Experimental program
Comparison scheme
Effect test

Embodiment 1

[0022] Example 1: Acquisition of polybrominated diphenyl ether recognition gene elements

[0023] Configure inorganic salt medium, and each liter of water contains the following substances (g / L): Na 2 HPO 4 12H 2 O 2.0, KH 2 PO 4 0.7, NH 4 Cl 0.5, NaCl 0.3, MgSO 4 ·7H 2 O 0.1, CaSO 4 2H 2 O 0.05, FeCl 3 ·6H 2 O 0.2×10 -3 、NaMoO 4 0.2×10 -3 , MnCl 2 4H 2 O 0.2×10 -3 , CuCl 2 2H 2 O 0.2×10 -3 , ZnSO 4 0.2×10 -3 、H 3 BO 3 0.3×10 -3 、CoCl 2 ·6H 2 O 0.4×10 -3 , peptone 0.2, yeast extract 1.0, glucose 5.0. Inoculate S. xenophagum hydrophobic strain C1 (=CCTCC AB 2015198=KCTC 42740) and hydrophilic strain C2 (=CCTCC AB2015427=KCTC 52051) into LB liquid medium, culture in a shaker at 200rpm / min at 30°C To logarithmic growth phase, cell OD 600 The value is about 1.0. Centrifuge at 10,000×g for 10 minutes, remove the supernatant, and collect the bacteria. After washing the cells twice with inorganic salt medium, resuspend the cells with a certain volume...

Embodiment 2

[0026] Example 2: Analysis of the activity and characteristics of polybrominated diphenyl ether recognition elements

[0027] Activity analysis was performed on the four candidate PBDE recognition gene elements obtained above.
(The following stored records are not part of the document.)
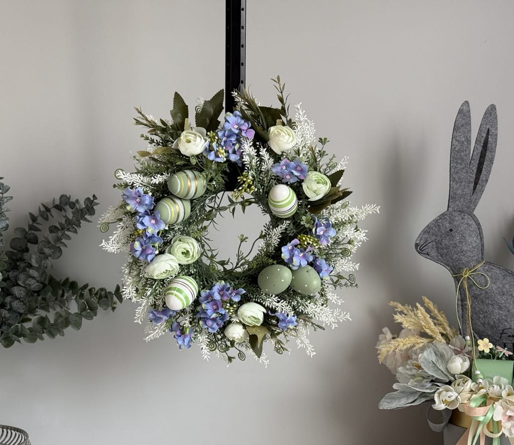 Wianek wielkanocny w pastelowych odcieniach mięty i błękitu, ozdobiony jajkami i drobnymi kwiatami. Idealny jako dekoracja na drzwi lub świąteczny stół, wprowadzająca wiosenny klimat i elegancję do Twojego domu podczas Wielkanocy.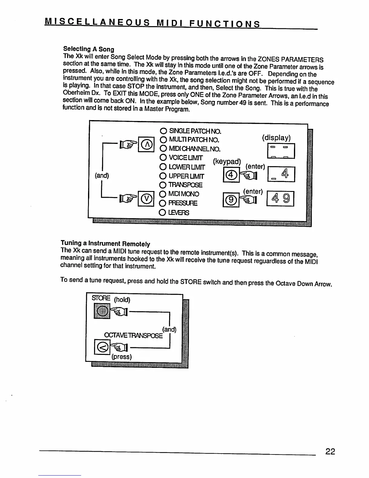 Oberheim XK - Selecting A Song; Tuning a Instrument Remotely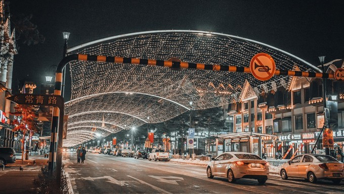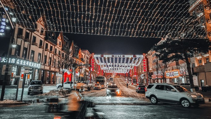 下图是二道白河镇的中心,吃饭一条街“星光大道”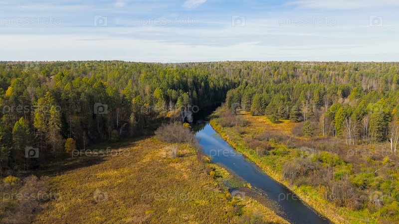 Бажуково, Россия. Каменная дыра или пьяный конь. Осенний пейзаж. Река Серга. Оленьи ручьи. Природный парк в лесистой местности, известной богатой флорой, вид с воздуха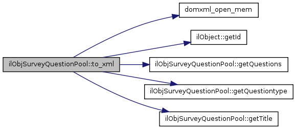 | ilObjSurveyQuestionPool::to_xml | ( | $ | questions | ) |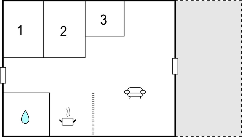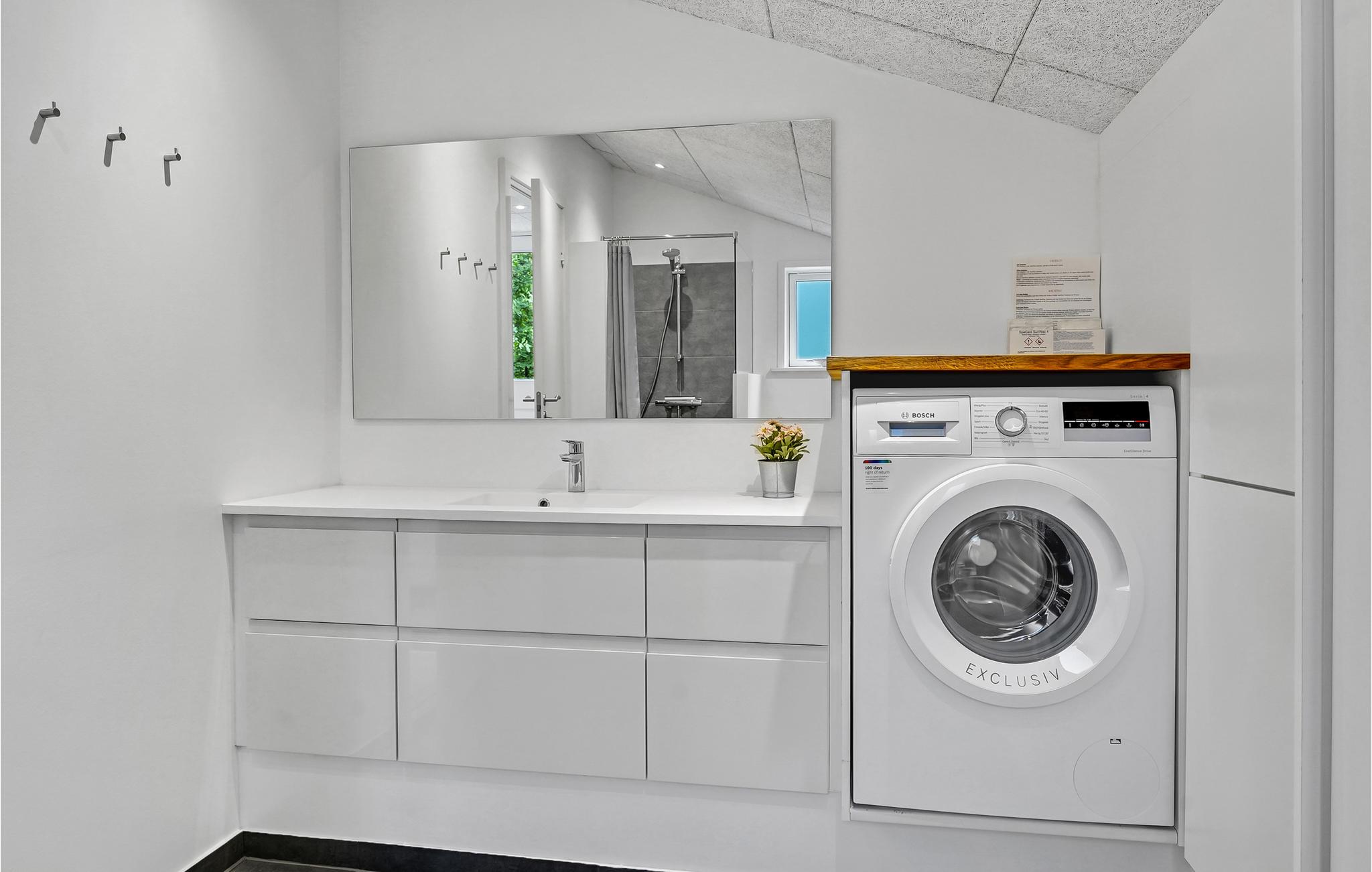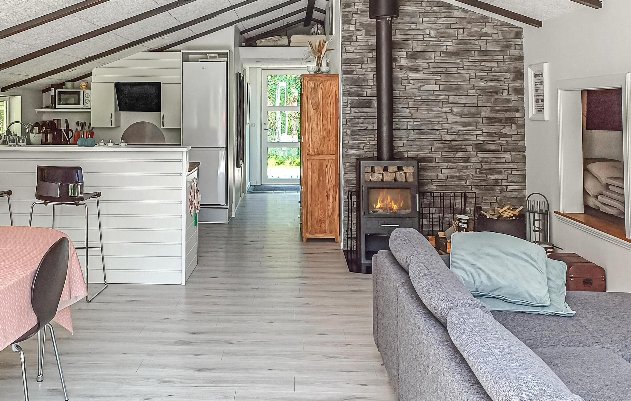 Husets hjerte er den store stue med en åben forbindelse til køkkenet, hvorfra man har adgang til terrassen med det smukke vildmarksbad. Huset er lyst og pænt dekoreret og takket være de store vinduer i stuen kan I nyde naturen selv når I er inde i huset. På dage, hvor vejret driller, kan I tilbringe tiden med en knitrende ild brændeovnen.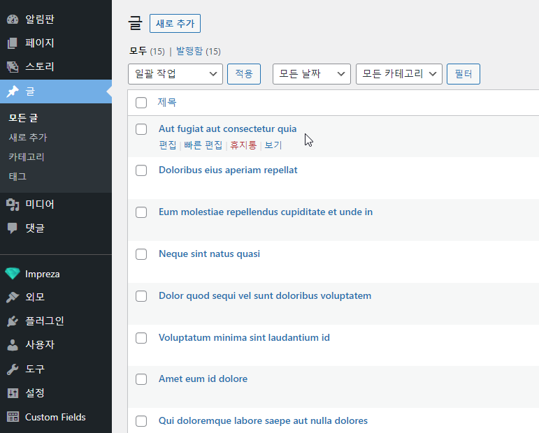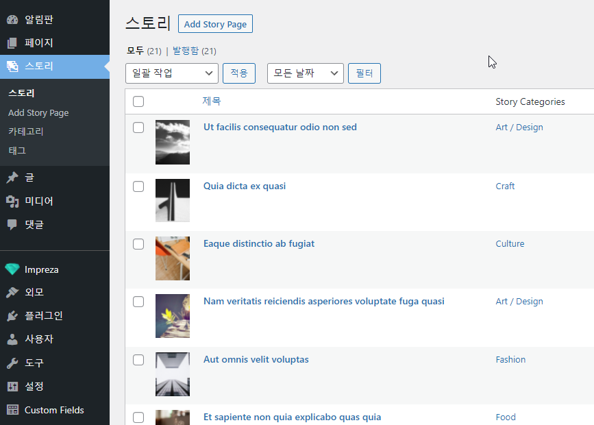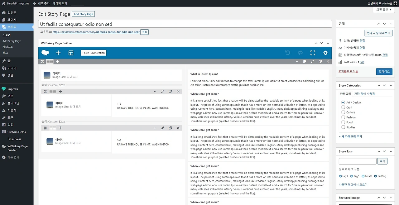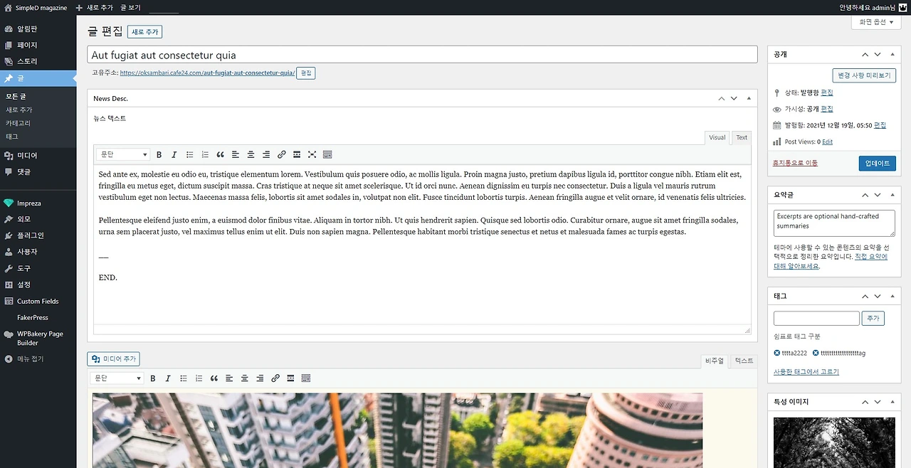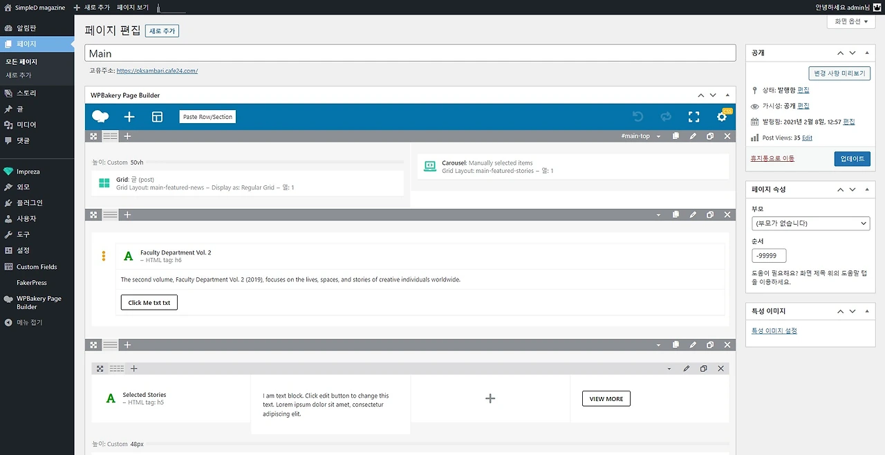 각 콘텐츠는 종류에 따라 편집하는 방식, 분류도 각각 다르게 적용하여 어드민을 활용할 수도 있습니다. 과거 웹 어드민들을 사용했던 경험을 토대로 볼 때 저는 페이지 빌더가 있는 것이 훨씬 활용도가 높다는 생각을 가지고 있습니다. 없으면 워드프레스 기본 편집기로 html 요소를 직접 적거나, 워드프레스에서 제공하는 페이지 템플릿 제작 방식을 활용해서 페이지를 제작해야 합니다. 글은 글대로 간편하고 쉽게 편집할 수 있게 하고, 페이지는 html과 css, js를 조합해야 결과를 만들 수 있는 것보다는 빌더를 가지고 조금 더 쉽게 관리를 하는 게 더 좋았던 것 같습니다.

By synthesizing genes at Sangon Bioengineering (Shanghai) Co., Ltd., the coding sequence of firefly luciferase small peptide HiBiT (5′-GTGAGCGGCTGGCGGCTGTTCAAGAAGATTAGC- 3'), synthesis includes about 500bp upstream of each candidate gene including the gene of the promoter sequence, and designs BamHI and XhoI restriction sites at both ends of the gene fragment respectively (the 5' and 3' ends of chr1_1106 synthetic gene contain EcoRI and XhoI enzymes respectively cutting point). After gene synthesis, use TaKaRa's BamHI and XhoI restriction endonucleases to treat chr1_2605, chr1_2170 and chr1_2466 synthetic gene fragments and pET24a expression vectors in K buffer at 37 °C, use TaKaRa's EcoRI and XhoI restriction endonucleases in H buffer The chr1_1106 sy...

Embodiment 3

[0031] Example 3: Construction and performance analysis of a whole-cell microbial sensor for monitoring polybrominated diphenyl ethers

[0032] Synthetic primer 2466U (5'- GGATCC GCGGCGAAGGCATCTATAT-3') and primer 2466D (5'-GCGTCTTCCATTTCGGGATAATAGCC-3'), amplify chr1_2466 gene (its nucleotide sequence is as shown in SEQ ID NO.1) and its upstream 507bp sequence (its nucleotide sequence is as shown in SEQ ID NO.1) shown in ID NO.2). Primer LucU (5′-CGGCTATTATCCCGAAATGGAAGACGCCAAAAACA-3′) and primer LucD (5′- CTCGAG TTACACGGCGATCTTTCC-3') to amplify the complete sequence of the firefly luciferase luc gene (NCBI Accession No. AB762768.1). Using 2466U (5'- GGATCC GCGGCGAAGGCATCTATAT-3′) and primer LucD (5′- CTCGAG TTACACGGCGATCTTTCC-3') performed PCR fusion on the amplified chr1_2466 and luc gene fragments to obtain the fusion fragment chr1_2466-luc containing BamHI and XhoI restriction sites at both ends respectively. Use TaKaRa's BamHI and XhoI restriction endonucleases t...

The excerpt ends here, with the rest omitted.